I'll bet Saddam wishes he had invented it first, this thing beats a Scud by a million miles
It had a couple of names, the official name was the IBM 5150, the regular guy in the street called it the "PC".
IBM claimed that the PC was the answer to everyone's needs. At last you could have a computer on your desk, better still, it was at an affordable price. The adverts stated that you too could join the computer age for under $2000.
It turned out that the truth was slightly different. To use an automotive analogy, the PC came with a number of 'optional extras', among them wheels, engine, seats, and brakes!

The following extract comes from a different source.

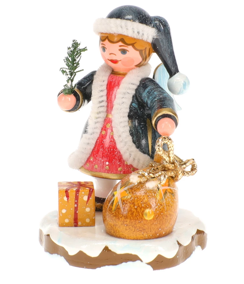 Das Himmelskind trägt einen blauen Mantel mit einem rosa Kleidchen darunter. Auf dem Rücken befindet ein hellblaues Flügelpaar. Auf dem Kopf sitzt eine blaue Zipfelmütze. Sie trägt weiße Strümpfe und schwarze Schuhe. Das Himmelskind hält einen dicken Geschenkebeutel mit der linken Hand fest. Dieser ist mit einer goldenen Schnur zugebunden. Daneben liegt ein orange eingepacktes Weihnachtsgeschenk. In der rechten Hand hält das Himmelskind einen grünen Tannenzweig fest. Das Himmelskind steht auf einem eingeschneiten Sockel.

Without the optional extras you had a car that did not go far.
The upshot was that after paying about $5000 you actually had a computer. Unfortunately in their haste to get to market IBM had forgotten a couple of bits to the jigsaw puzzle.
They had absolutely no programs to run on it except the operating system that our good buddy Bill had purloined from Tim Patterson.
And although IBM's main thrust was to sell these machines to companies that already owned IBM Mainframes there was no way to connect a PC to a Mainframe.
These minor issues did not dent sales. IBM had projected to sell 250,000 units in year one, and if they did, they were set to turn a tidy profit. They actually sold 3 million units in year one!
IBM was in heaven, they had cracked the personal computer market!
incidentally Bill was not doing bad either. The agreement that he had with IBM was that they would pay $20 per copy of DOS. So our good buddy Bill who had purchased DOS from Tim Patterson for $50,000 got $60 Million in revenue in year one! Now that's what I call a return on investment!